Could you please retype exactly the lines from the start of the records below through the line that contains "The Green Machine Multi", both included, and leave out the pictures?

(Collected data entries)
################

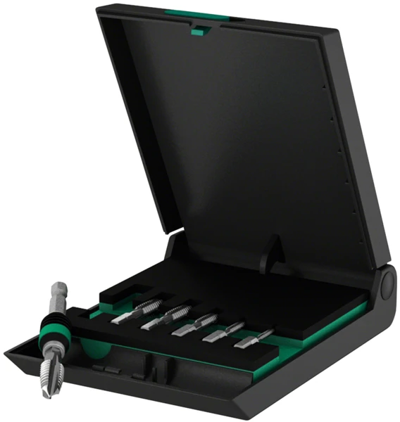 7-piece tapping drill bit set in a stable plastic box for the cutting of metric threads. The hexagonal bit shaft ensures very good power transfer. The finely-tuned material elasticity makes for great durability. Perfect chip removal and a low tilt risk. The Rapidaptor ensures rapid bit change without any extra tools.
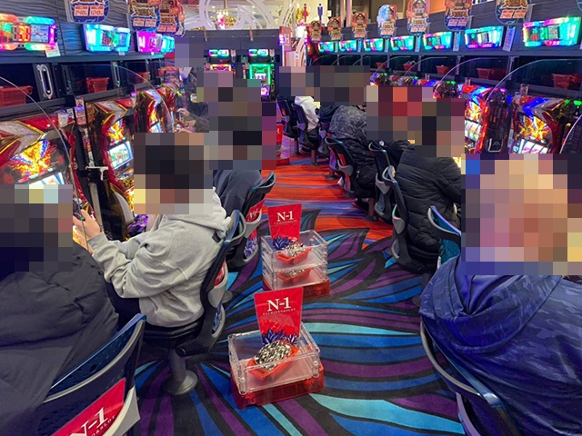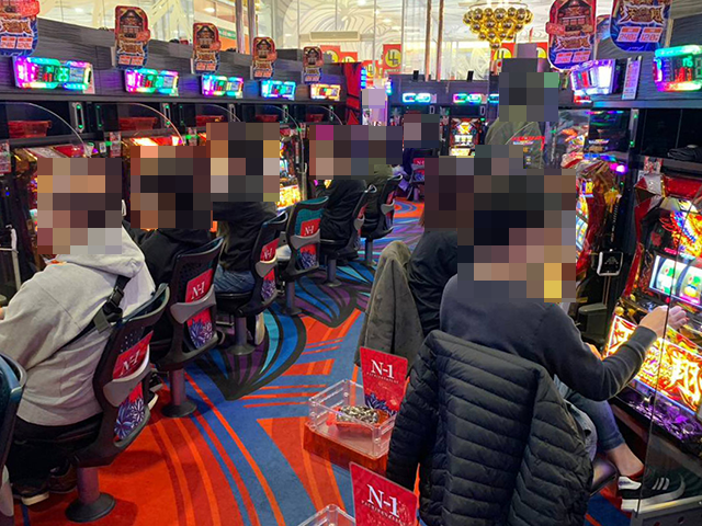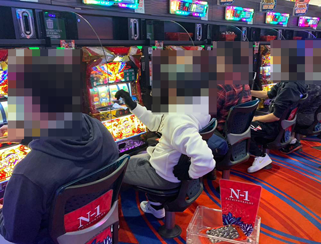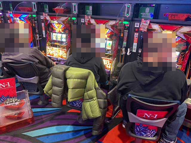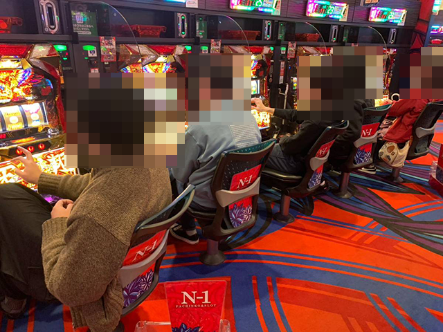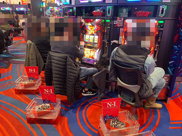 とくに存在感を放っていたのは、「ハナハナホウオウ~天翔~-30」で遊技を楽しむ姿だ。
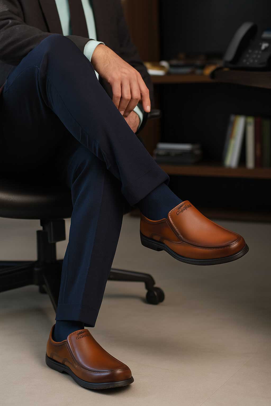 کفش چرم اصل تبریز با رویه چرم طبیعی، آستر چرم طبیعی، کفی طبی چرم طبیعی و زیره ترمو
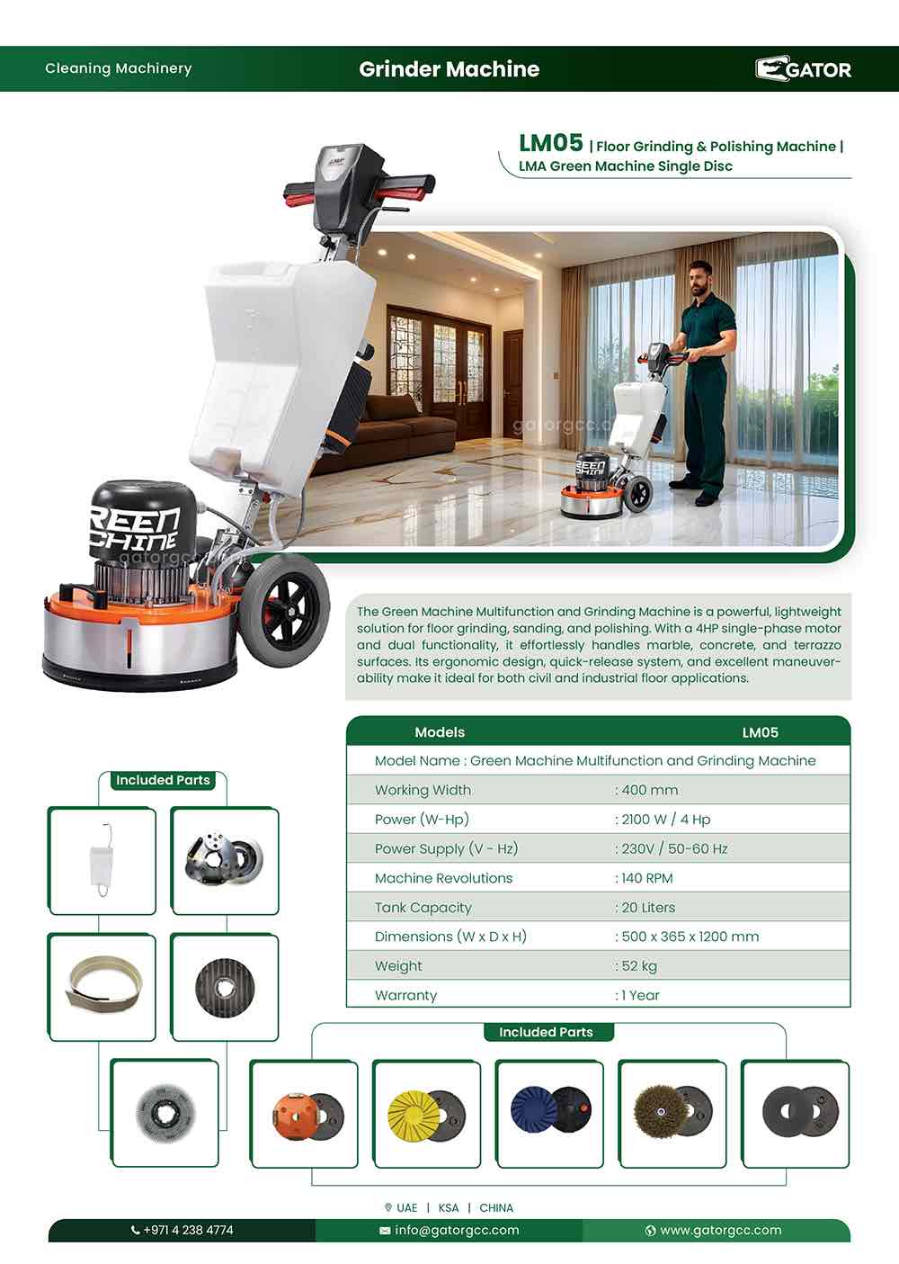 The Green Machine Multi function and Grinding Machine is a powerful and versatile solution designed for floor grinding, sanding, and polishing. With its 4HP single-phase motor, this lightweight yet robust machine is ideal for medium-sized, uneven floors, offering dual functionality that easily transforms from a sander to a single-disc machine. Whether you are working with marble, concrete, granite, terrazzo, or natural stone, the Green Machine guarantees smooth, professional results with minimal effort.
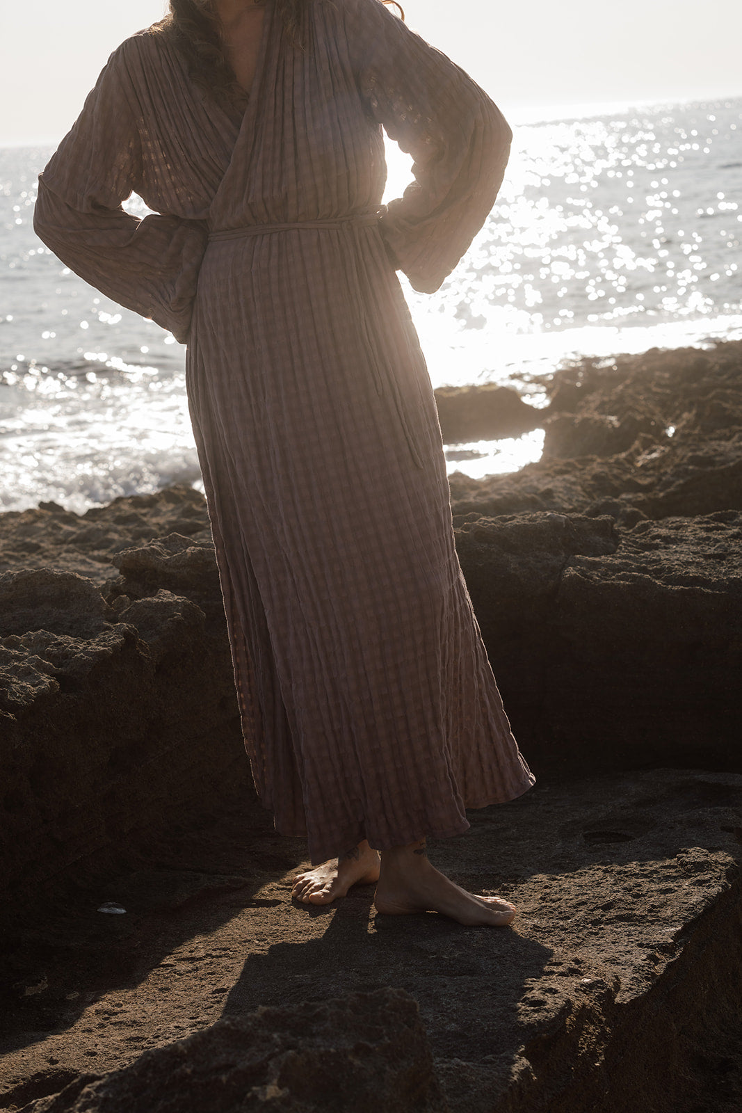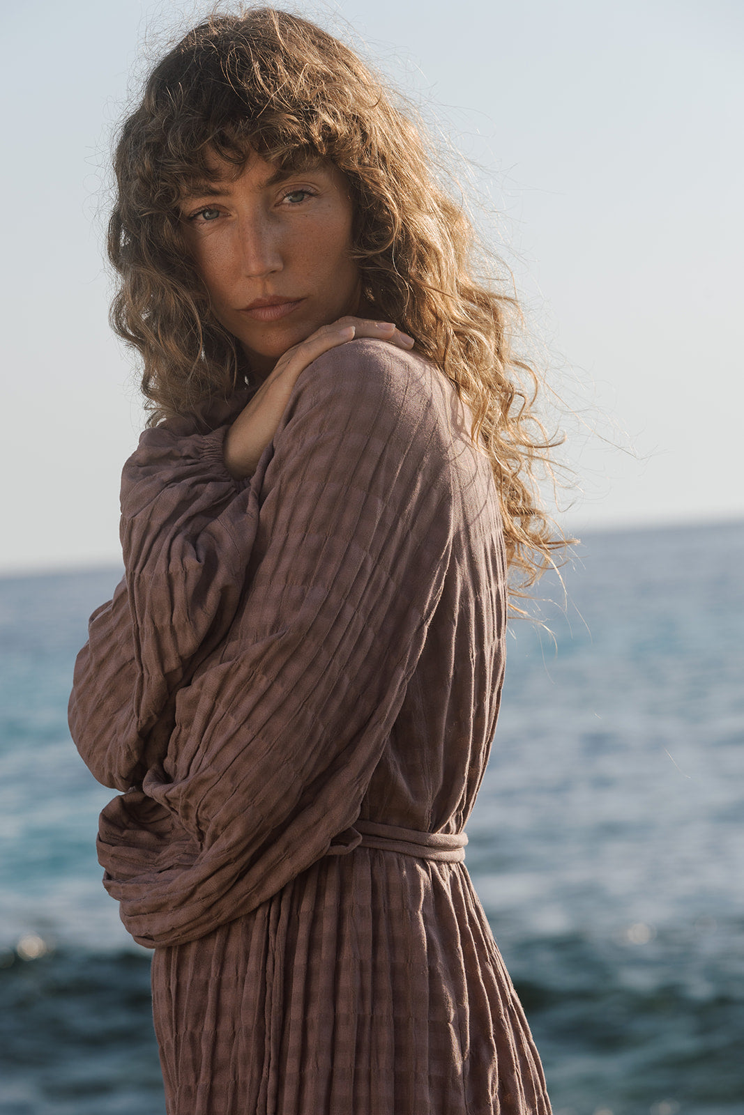 El vestido ANAE es una prenda versátil y femenina confeccionada en cómodo jacquard de algodón. Sus mangas abullonadas cuentan con puños elásticos y un detalle de volantes para darle un toque romántico, mientras que el efecto envolvente te permite llevarlo como vestido o incluso como un kimono largo minimalista sobre camisas, tops o vestidos de tirantes.
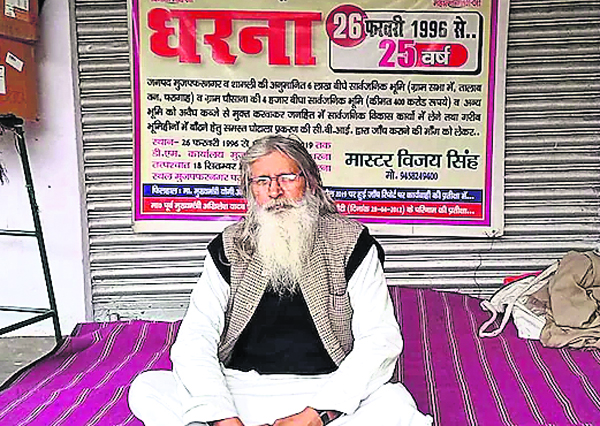 ପଶ୍ଚିମ ଉତ୍ତରପ୍ରଦେଶରେ ହଜାର ହଜାର ଏକର ଜମିକୁ ମାଫିଆମାନେ କବ୍ଜା କରିଛନ୍ତି। ସେମାନଙ୍କ ବିରୋଧରେ କାର୍ଯ୍ୟାନୁଷ୍ଠାନ ଦାବିରେ ବିଜୟ ସିଂ ୧୯୯୬ରୁ ଧାରଣାରେ ବସିଛନ୍ତି। ସରକାର ଏ ପର୍ଯ୍ୟନ୍ତ ତାଙ୍କ କଥା ଶୁଣି ନ ଥିବାରୁ ସେ ବର୍ତ୍ତମାନର ମୁଖ୍ୟମନ୍ତ୍ରୀ ଯୋଗୀ ଏବଂ ପୂର୍ବତନ ମୁଖ୍ୟମନ୍ତ୍ରୀ ଅଖିଳେଶଙ୍କୁ ନିର୍ବାଚନରେ ଚ୍ୟାଲେଞ୍ଜ ଦେବାକୁ ନିଷ୍ପତ୍ତି ନେଇଛନ୍ତି। ବୁଧବାର ସେ ଗୋରଖପୁର ଅର୍ବାନ ଆସନରୁ ପ୍ରାର୍ଥତ୍ପତ୍ର ଦାଖଲ କରିବେ।

################

### [Result of the exercise]
 7-piece tapping drill bit set in a stable plastic box for the cutting of metric threads. The hexagonal bit shaft ensures very good power transfer. The finely-tuned material elasticity makes for great durability. Perfect chip removal and a low tilt risk. The Rapidaptor ensures rapid bit change without any extra tools.
 とくに存在感を放っていたのは、「ハナハナホウオウ~天翔~-30」で遊技を楽しむ姿だ。
 کفش چرم اصل تبریز با رویه چرم طبیعی، آستر چرم طبیعی، کفی طبی چرم طبیعی و زیره ترمو
 The Green Machine Multi function and Grinding Machine is a powerful and versatile solution designed for floor grinding, sanding, and polishing. With its 4HP single-phase motor, this lightweight yet robust machine is ideal for medium-sized, uneven floors, offering dual functionality that easily transforms from a sander to a single-disc machine. Whether you are working with marble, concrete, granite, terrazzo, or natural stone, the Green Machine guarantees smooth, professional results with minimal effort.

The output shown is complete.